● EXERCISE:
Write the records out again exactly as they read, dropping any picture they hold.

● RECORD SET:

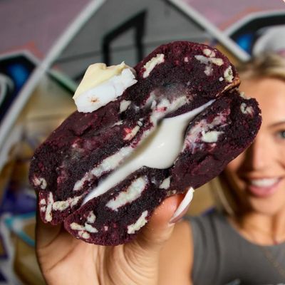 This Red Velvet Cookie is loaded with a creamy cheesecake filling and topped with a white choc chip that will ensure you never want to share a cookie. Ever. Again!
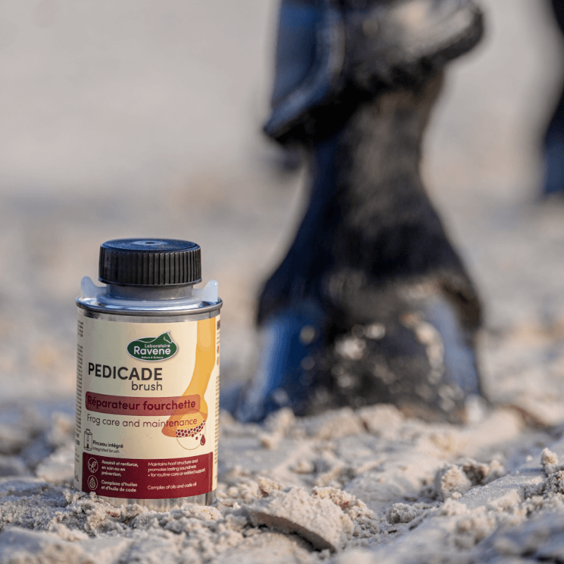 Les pieds de votre cheval sont soumis aux aléas de la météo et à la nature des terrains sur lesquels il évolue. En période humide, la corne peut se ramollir et être altérée. Il est alors indispensable d’agir rapidement ! PEDICADE brush assèche la fourchette et l’assainit. Elle est alors fortifiée, résistante et retrouve sa capacité d’amortisseur naturel.
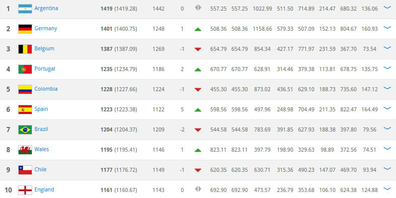 มิใช่เพียงคนไทยที่สงสัย หากแต่หลายๆอันดับล้วนชวนให้เลิกคิ้ว เมื่อทีมที่ไม่เคยประสบความสำเร็จในระดับนานาชาติอย่าง เบลเยี่ยม ยึดหัวหาดทีมอันดับ 3 ของโลก!!!! (อันที่จริงก่อนหน้านี้อยู่ในอันดับ 2 เหนือแชมป์โลกทีมล่าสุดอย่าง เยอรมัน ด้วยซ้ำ) หรือ โปรตุเกส ของยอด ซุป’ตาร์ 500 ประตู คริสเตียโน่ โรนัลโด้ หรือจะเป็นทีมชาติเวลส์ ที่อยู่ในอันดับ 8 เหนือ อังกฤษในอันดับ 10
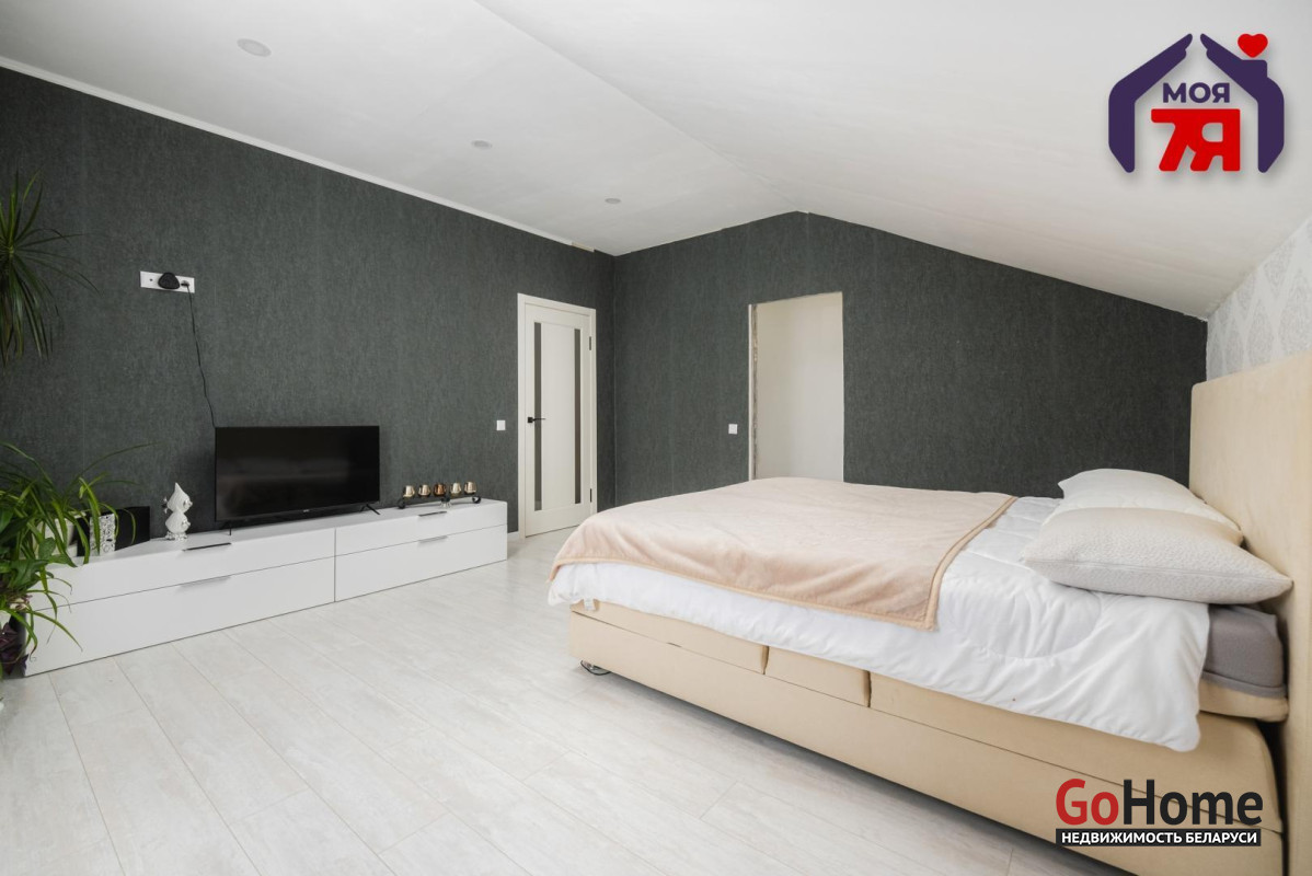 ️Продаётся блочный коттедж 2017 года постройки площадью 111,4 кв.м на участке 15 соток рядом с Фаниполем. Качественный ремонт, просторная гостиная, кухня с техникой, сауна и остеклённая терраса. Удобный транспорт, городской автобус, развитая инфраструктура Фаниполя и спокойная загородная атмосфера.
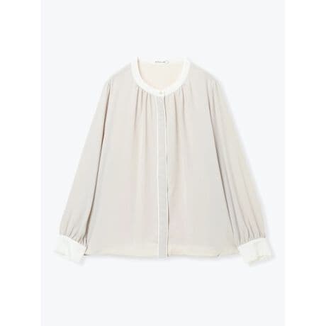 かっちりした印象のジャケットとも好相性の上品ブラウスです。

● ANSWER:
 This Red Velvet Cookie is loaded with a creamy cheesecake filling and topped with a white choc chip that will ensure you never want to share a cookie. Ever. Again!
 Les pieds de votre cheval sont soumis aux aléas de la météo et à la nature des terrains sur lesquels il évolue. En période humide, la corne peut se ramollir et être altérée. Il est alors indispensable d’agir rapidement ! PEDICADE brush assèche la fourchette et l’assainit. Elle est alors fortifiée, résistante et retrouve sa capacité d’amortisseur naturel.
 มิใช่เพียงคนไทยที่สงสัย หากแต่หลายๆอันดับล้วนชวนให้เลิกคิ้ว เมื่อทีมที่ไม่เคยประสบความสำเร็จในระดับนานาชาติอย่าง เบลเยี่ยม ยึดหัวหาดทีมอันดับ 3 ของโลก!!!! (อันที่จริงก่อนหน้านี้อยู่ในอันดับ 2 เหนือแชมป์โลกทีมล่าสุดอย่าง เยอรมัน ด้วยซ้ำ) หรือ โปรตุเกส ของยอด ซุป’ตาร์ 500 ประตู คริสเตียโน่ โรนัลโด้ หรือจะเป็นทีมชาติเวลส์ ที่อยู่ในอันดับ 8 เหนือ อังกฤษในอันดับ 10
 ️Продаётся блочный коттедж 2017 года постройки площадью 111,4 кв.м на участке 15 соток рядом с Фаниполем. Качественный ремонт, просторная гостиная, кухня с техникой, сауна и остеклённая терраса. Удобный транспорт, городской автобус, развитая инфраструктура Фаниполя и спокойная загородная атмосфера.
 かっちりした印象のジャケットとも好相性の上品ブラウスです。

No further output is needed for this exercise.